Might throw my two bob in here. Haven't written an essay in a while and I imagine that a lot of people reading this thread would be considering venturing into AG. My comments that follow may or may not apply to experienced AG'ers but they DO apply to beginners...

Before you go and buy any equipment, read this - the beginning and ending posts. The logic that brought about these guys being able to simply do an AG originated in this thread

For those contemplating AG, reading the above will serve you well.

In those threads you will find that grain to water ratio is irrelevant to a beginner and, in fact, what you read may be quite mis-leading. In the second thread above, an experienced traditional brewer (AndrewQLD) actually mashed with a ridiculously high water to grain ratio and had as good efficiency and taste results as traditional brews. This is something that I now do with every brew and I'm getting some good beers including my second pilsener (stuffed the first one up on temp - whoops! Still very drinkable though.) Others are doing it to.

So, if I had my time again, I wouldn't buy an esky (mine now acts as a "fermenting fridge"), I'd buy a bloody good pot.

If you do need to buy an esky, then buy the biggest you can get that will also serve some other brewing purpose (such as a fermenting fridge).

To save you a little more time and trouble, get an esky with a tap. Don't worry about building a manifold etc - just use the nylon material described in the first thread above and whack as much water in the esky, hopefully around 40 litres, to end up with a 23 litre batch after a 90 minute boil, as you can.

So, a 65 litre esky is best - you can fit a fermenter in it if you stand the esky on its end!

Hope this helps those dying to have a crack at AG.

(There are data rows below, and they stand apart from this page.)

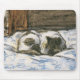 Katze, die auf einem Bett schläft; Claude Monet; c. 1865-70. Claude Monet war einer der Begründer der französischen Impressionistbewegung. Jeder möglicher Katzenliebhaber erkennt das reizend Bild einer Katze, die herauf schlafendes auf dem Bett gekräuselt wird.
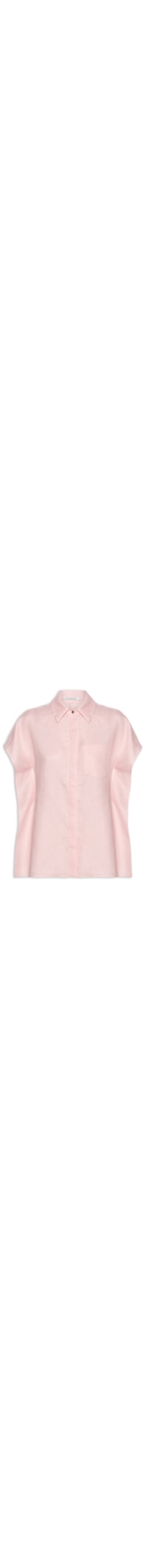 A camisa rosa é confeccionada em linho sem elasticidade. A peça solta ao corpo possui colarinho clássico, mangas curtas modelo japonesa, recortes laterais, bolso frontal, fendas laterais, fechamento frontal por botões com aba sobreposta.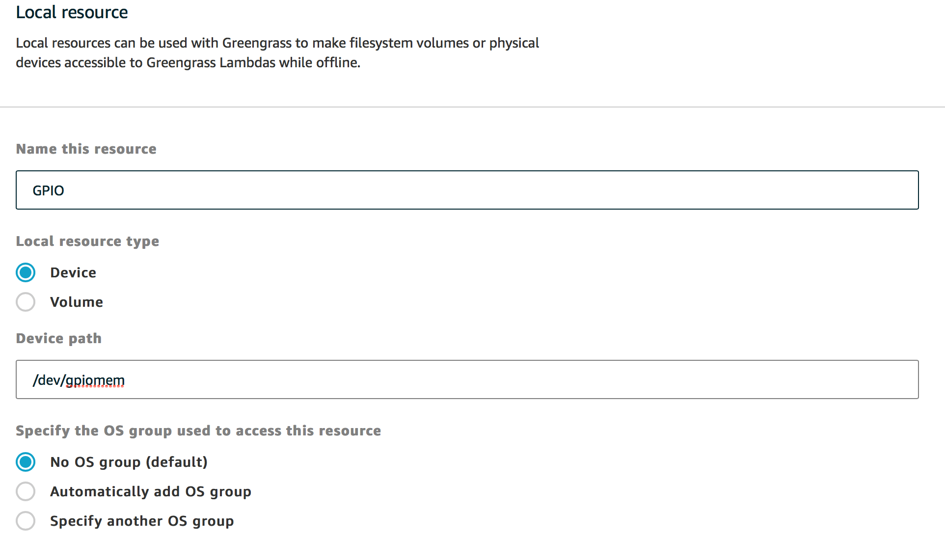 Follow these steps to configure local resources on AWS Greengrass Core:

Justin also wrote, before the above threads, A Guide to Starting Out in AG which shows the pitfalls of getting too technical in your equipment when you are starting out.

Cheers,
Pat

EDIT: Did I write all that last night? My goodness! I also should have said that the size and shape of the esky is more critical when fly sparging. It's not too much of an issue for batch sparging or full-volume sparging.


----------